The moment I was in and I could not see, the wealth that comes with the understanding that every moment is as rich as you allow it to be, which I was forgetting.

The forest was beautiful, the kids were present with jolliness, tears too, they were telling stories and jokes and eating some more snow still after the game of hide-and-seek was done with and we were heading back. The forest I was in was actually hard to see for the trees of worry and immediate discomfort.

Mindfulness is never to be taken for granted. When I do, it’s like it was yesterday.
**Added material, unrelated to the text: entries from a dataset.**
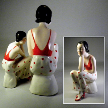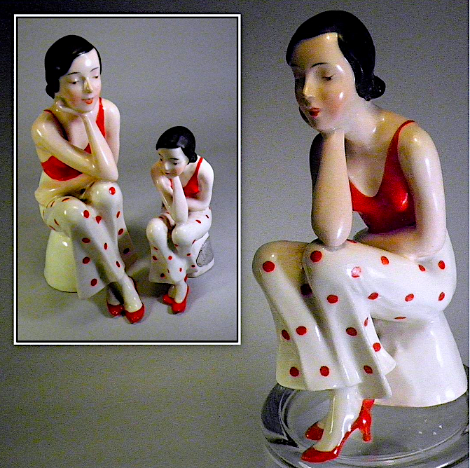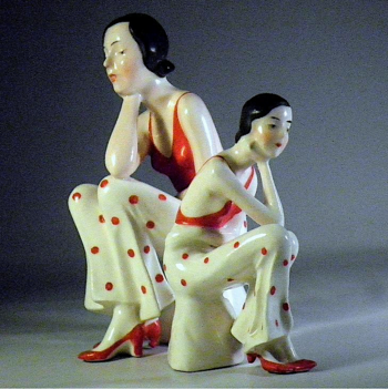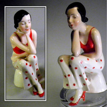 A pleasant departure from the swooping gowns and scarves of Deco porcelain dancers, is this Busby Berkeley type gal. She stands, I mean sits at 6". I discovered her mini-me a few years later. Both are stamped ERPHILA Germany. All the detailing is cold hand painted.
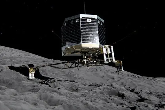 Dopo settimane di analisi per scegliere il luogo ideale per la discesa, Rosetta ha rilasciato un piccolo lander: un cubo di un metro di lato dotato di tre “zampe” e con 27 chilogrammi di apparecchiature scientifiche. Philae, questo il suo nome, si è posato sulla superficie della cometa, alla quale si è attaccato con degli arpioni. La forza di gravità, infatti, è piccolissima e senza questo espediente il robot non potrebbe restare attaccato al corpo celeste. Aggrappato al suolo come un alpinista in parete, dunque, Philae analizzerà direttamente la superficie e – grazie a una piccola trivella – il nucleo della cometa. È qualcosa che nessuno mai aveva fatto prima ed è un successo tutto europeo.
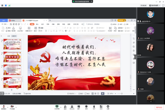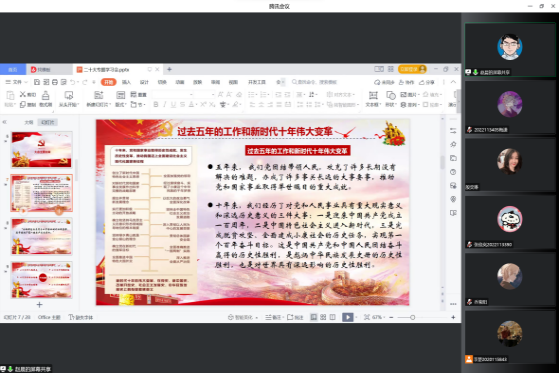 首先,赵晨老师向同学们介绍了大会概况。通过剖析大会召开的背景,从四个方面讲述了召开此次大会的重大意义,并深入阐释了党的二十大的主题内涵,让全体成员对党的二十大精神有了更深刻的理解。
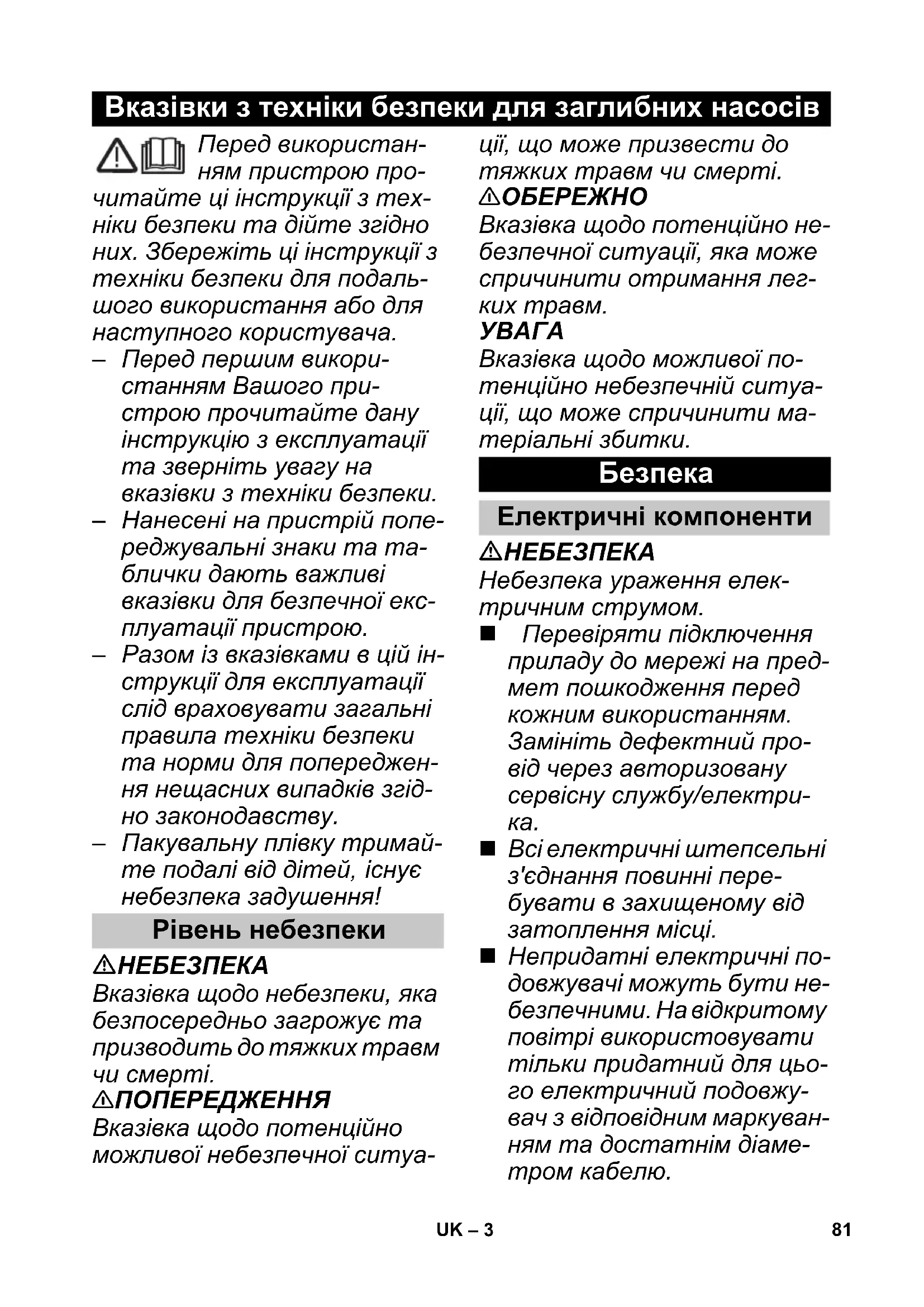 Всі електричні штепсельні з'єднання повинні пере- бувати в захищеному від затоплення місці. Непридатні електричні по- довжувачі можуть бути не- безпечними. На відкритому повітрі використовувати тільки придатний для цьо- го електричний подовжу- вач з відповідним маркуван- ням та достатнім діаме- тром кабелю. Вказівки з техніки безпеки для заглибних насосів Рівень небезпеки
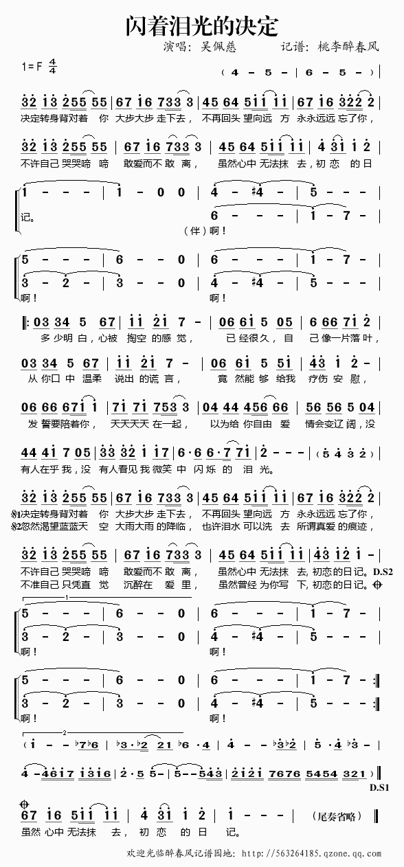 >> 闪着泪光的决定——吴佩慈(简谱)
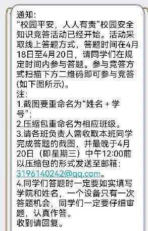 为更好提高我院同学安全责任意识,了解更多的校园安全知识,我院举办了校园安全知识竞答活动。本次安全大赛使同学们对校园安全有了更深入的了解与认识,积极推进了文明安全校园文化建设,切实提高了同学们的安全防范意识能力。
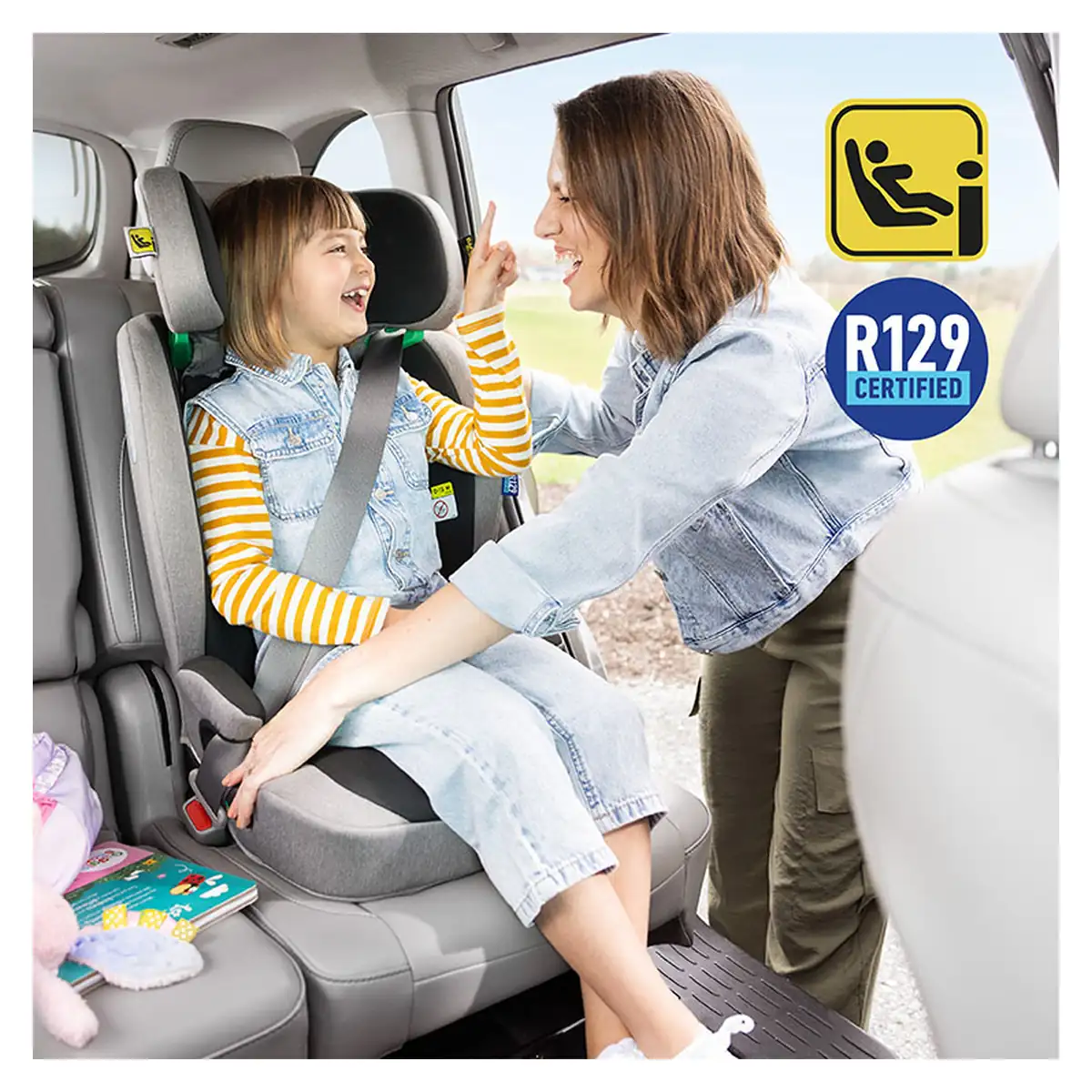 • Este certificat conform standardului R129 atat in modul scaun auto, cat si in modul inaltator cu spatar, garantand protectie conform celor mai recente reguli de siguranta.

Few things are so dramatic and urgent that they should be allowed to be more than they are – dark clouds on the sky, but not the sky itself. In fact, worry and panic never solve anything anyway.

There’s nothing to gain and everything to win from making the time you’re in worthwhile. Cliché it is, but true. It took me a drive home, laughter in the car as both me and little guy dripped melted snow all over, and a few extra bumps throughout the day to long for the time I should’ve seen the forest and I didn’t.

20160301_122920The moral of the story is…? Graciousness is not my strongest attribute. Nor is remembering to be mindful of the flitting moments of magic. There is hope though. Coming around to the place of seeing it as it should’ve been… Being human, aches and pains and grumbling included, is inescapable. Remembering that we are, as humans, privy to magic, is too easy to forget at times… that is though, what makes it all that much more precious.

Tuesday was learning day indeed. That it is not about being graceful after all, but truthful and willing… The journey continues.